Катя отдала сумку, достала паспорт из сумочки. Полицейский шагнул к лавке, открыл молнию, сверху лежала книжка, еще книжка, свитер, потом ночнушка, Катя отвернулась. Полицейский сунул руку, ощупал дно сумки, потом застегнул.
– Вы нас извините, вы… у вас лицо очень бледное и это… знаете, а тут дождь идет! – извинялся с зубами и усиками, участливо разглядывая ее синяк. – Давайте, мы вас проводим. Вам куда?
Катя молчала. Она не знала, куда ей. Куда мне? Куда?! Больше всего хотелось вернуться во вчерашний вечер и не пить тот коктейль. Она сама попросила о нем Лешу. «Кровавая Мери» – водка с томатным соком. Ей казалось, что именно тогда все и началось. Отец был прав – ее пьяный вид совратил тех мужиков, которые до этого спокойно смеялись, разговаривали и угощали ее шашлыком.
– Можно мы вам сумку донесем? – опять предложил маленький полицейский и взял ее сумку. Он был одного роста с Катей, прозрачная пленка на его фуражке отчего-то стояла куполком, и он был похож на женщину в парикмахерской.
И еще на Ваню-молдаванина, такие же маленькие глаза, Катя даже присмотрелась к нему тревожно, вспоминая безумные Ванины взгляды и трусливые руки. У полицейского лицо было спокойное, даже сочувствующее, она молча взяла у него сумку и пошла по бульвару.
Телефон зазвонил в сумочке, она достала его, много звонков было пропущено. Это был Лешка:
– Катя, ты где, я тебя ищу целый час!
– Да-да… я в метро была, – быстро ответила Катя.
– А ты где? На работу поехала? – слышно было, как он волнуется.
– Нет… Леша… – у Кати все похолодело внутри.
– Что? Катя! Я тебя слышу! Я слышу, Катя…
– … тебе не противно со мной разговаривать? – спросила сухо.
– Мне?! С тобой?! Что с тобой?
– Ты же вчера все видел?!! – то ли спросила, то ли укорила.
– Что ты, Катя?
– Все это! Ты все видел! – у нее сорвался голос.
– Я не видел ничего… Что я должен был видеть? Ты зачем это говоришь? Это все неважно! Ты где?!
– Да-да… это неважно, – машинально повторила Катя.
– Ты домой когда придешь? Я пиццу купил, «Маргариту»…
– Леша… я тут побуду…
– Где тут, Катя?
– … я у друзей… уже поела… В ресторане, то есть в кафе… – и она засмеялась, пытаясь изобразить, что у нее все в порядке. Получилось нервно и совсем не похоже на смех.
– Хорошо… – растерянно согласился Леша, – я хотел сказать, не ходи на работу, больничный возьми, я с тобой побуду, если хочешь, я все фильмы Данелии сейчас скачиваю. Ты же его любишь…
Катя молчала.
– Катя?
Она не могла ответить.
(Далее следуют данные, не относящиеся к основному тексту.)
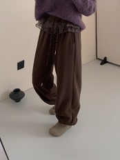 オンリーワントゥーユー韓国ファッション ロングパンツ レトロ レディース ゆったりする ヒョウ柄 暖かい 厚手 カジュアルパンツ スラックス ダブルユーゲン紗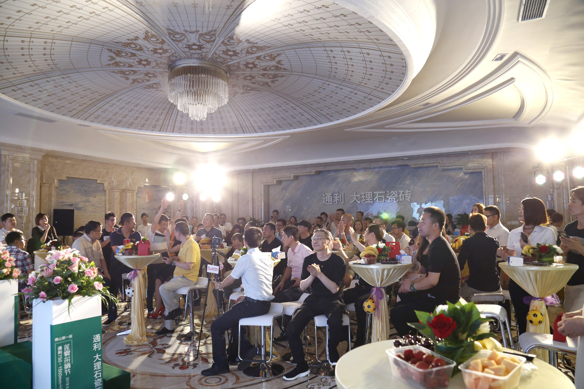 一场视觉、听觉、味觉并重的饕餮盛宴在通利大理石瓷砖总部惊艳呈现!中国建筑卫生陶瓷协会副秘书长尹虹博士,佛山市陶瓷行业协会秘书长罗青,佛山市禅城区南庄镇陶瓷产业促进会工作组副组长于枫,山西室内装饰协会设计委主任武俊文,通利大理石瓷砖董事长兼总经理林柱权,董事副总经理张念超,董事副总经理孔繁湛,市场品牌中心总监张恩铭等领导嘉宾亲临现场。本次盛会吸引了众多媒体到场!不仅如此,山西室内装饰协会设计委主任武俊文老师更是以《浅谈设计与材料应用趋势》为主题,从设计应用的角度,称赞了750x1500mm符合建模指数,自然经典石纹类的花色经典耐看。

Подбородок дрожал, слезы текли, Лешин звонок добивал ее, накрывая страшными воспоминаниями. Деться ей было некуда.
– Ну ладно, я тебя здесь буду ждать… – начал было Алексей.
– Хочу… побыть… одна… – губы ее тряслись так, что она не могла говорить. Выключила телефон.
Она чувствовала себя бесконечно униженной. Навсегда. Ничего уже не могло помочь. Ее раздели, распяли, держали ее руки, хватали везде и смеялись. И она ничего не могла с этим сделать. Ничего не могу… ничего уже не могу изменить, – крутилось в голове, – они со мной что-то сделали, и это уже навсегда. Господи, как же так? За что мне это?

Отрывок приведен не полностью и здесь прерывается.